キャッシュされたコンテンツを更新するには
Application Cache では、マニフェストファイルになんらかの変更があった場合、Web ブラウザーが更新を検知して一連のキャッシュ作業をやり直します。
しかし、このマニフェストファイルの更新の検知は、一部のスマートフォンブラウザーではサポートされておらず、Web ブラウザーの設定でキャッシュをクリアする必要があるなど、コンテンツの提供者側でコントロールできない状況が生まれます。また、Web ブラウザーの検知機能に頼らず、意図的にキャッシュの内容を更新したい場合もあるでしょう。
そういった場合には、ApplicationCache オブジェクトを使用して JavaScript からキャッシュの更新作業行うことができます。
JavaScript からのキャッシュの更新
単純にキャッシュをクリアしたいのであれば、ApplicationCache オブジェクトの提供する swapCache (キャッシュの入れ替え) メソッドと reload (リロード) メソッドを続けて発行すれば OK です。

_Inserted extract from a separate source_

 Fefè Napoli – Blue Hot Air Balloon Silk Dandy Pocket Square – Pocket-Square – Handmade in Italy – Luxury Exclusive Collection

ただ、ApplicationCache オブジェクトには、マニフェストファイルが更新されたかどうかを判断するプロパティやメソッド、イベントハンドラーが用意されているので、それらと組み合わせても良いでしょう。
たとえば
//更新をチェック
window.applicationCache.update();
//キャッシュがアップデート可能かどうか比較
if (window.applicationCache.status ==window.applicationCache.UPDATEREADY)

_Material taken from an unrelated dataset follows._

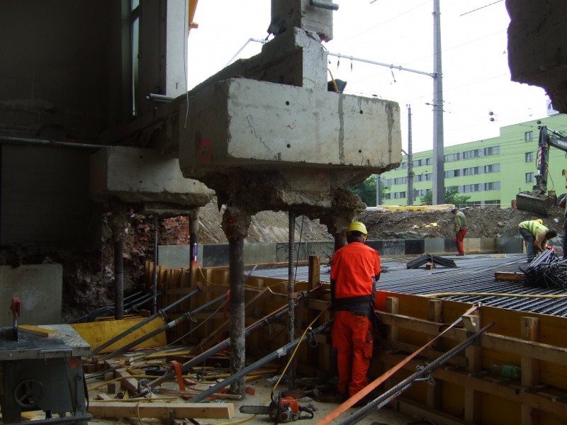 Stützbauwerke mit Gebäudeunterfangungen für den 4-streifigen Ausbau mit Geh-und Radweg der Eggenbergerstraße.

window.applicationCache.swapCache();
window.location.reload();
または
window.applicationCache.update();
//イベントハンドラーの指定
window.applicationCache.addEventListener("updateready", function() {
if (confirm("アップデートしますか?")) {
window.applicationCache.swapCache();
window.location.reload();
}
}, true);
などです。
その他、Internet Explorer 10 でサポートされている Application Cache については、以下のドキュメントをご覧ください。
Internet Explorer デベロッパーセンター Application Cache API ("AppCache")
https://msdn.microsoft.com/ja-jp/library/ie/hh673546.aspx#Application_Cache_API_AppCache
先日 (というか昨日) 投稿したローカルストレージと組み合わせ、Web コンテンツの表示の高速化 (キャッシュ)、オフライン機能の実装など、いろいろと応用いただければと思います。